Охонины брови - Дмитрий Мамин-Сибиряк
Шрифт:
Интервал:
Закладка:
- Плохо место, - заметил Пафнутий, поглядывая на обительские стены. Одна труха осталась... Пожалуй, и починивать нечего.
- Пора совсем порушить это лукошко, - задумчиво ответил игумен. - Не подобает ему здесь быти... Пронесет господь грозу, сейчас же снесу обитель напрочь.
- А куда же сестры денутся?
- По другим монастырям разошлем... Да и разослал бы раньше, кабы не эта наша княжиха. Нет моей силы на нее... Сам подневольный человек и ответ за нее держу. Ох, связала меня княжиха по рукам и по ногам!
Все хмурился игумен Моисей, делая обзор захудавшей обители. Он побывал и в келарне и в мастерских, где сестры ткали себе холсты, и отсюда уже прошел к игуменье.
На пороге встретила грозного игумена сама воеводша Дарья Никитична. Сильно она похудела за последнее время, постарела и поседела: горе-то одного рака красит. Игумен благословил ее и ласково спросил:
- Ну, как поживаешь, матушка-воеводша?
- Ох, не спрашивай... Какое мое житье: ни баба, ни девка, ни вдова. Просилась у Полуехта Степаныча на пострижение в обитель, так он меня так обидел, так обидел... Истинно сказать, последнего ума решился.
- Мудреное ваше дело, воеводша. Гордыня обуяла воеводу, а своя-то слабость очень уж сладка кажется... Ему пора бы старые грехи замаливать, а он вон што придумал. Писал я ему, да только ответа не получал... Не сладкие игуменские письма.

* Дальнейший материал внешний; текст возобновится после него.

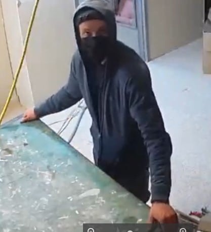 Officers have been unable to ascertain the identity of the suspect, who is described as a male wearing a dark zippered sweater (hood up), a black mask covering the lower half of his face, grey pants, white long socks, and black sneakers.

Дарья Никитична только опустила глаза. Плохо она верила теперь даже игумену Моисею: не умел он устрашить воеводу вовремя, а теперь лови ветер в поле. Осатанел воевода вконец, и приступу к нему нет. Так на всех и рычит, а знает только свою поганку Охоньку. Для нее подсек и свою честную браду, и рядиться стал по-молодому, и все делает, что она захочет, поганка. Ходит воевода за Охонькой, как медведь за козой, и радуется своей погибели. Пробовала воеводша плакаться игумену Моисею, да толку вышло мало.
- У меня с игуменом будет еще свой разговор, - хвастался воевода. - Он еще у меня запоет матушку-репку...
Воевода не мог забыть монастырской епитимий, которой его постоянно корила Охоня. Старик только отплевывался, когда заводилась речь про монастырь. Очень уж горько ему досталось монастырское послушание: не для бога поработал, а только посмешил добрых людей. То же самое и Охоня говорила...
- Все лежишь, Досифея? - спрашивал игумен Моисей.
- Бог за всех наказывает, - смиренно ответила больная игуменья. Молитвы-то наши недоходны к богу, вот и лежу второй год. Хоть бы ты помолился, отец...
- И то молюсь по своему смирению... Вот стенки пришел поглядеть: плохо ваше место, игуменья. Даже и починивать нечего... Одна дыра, а целого места и не покажешь.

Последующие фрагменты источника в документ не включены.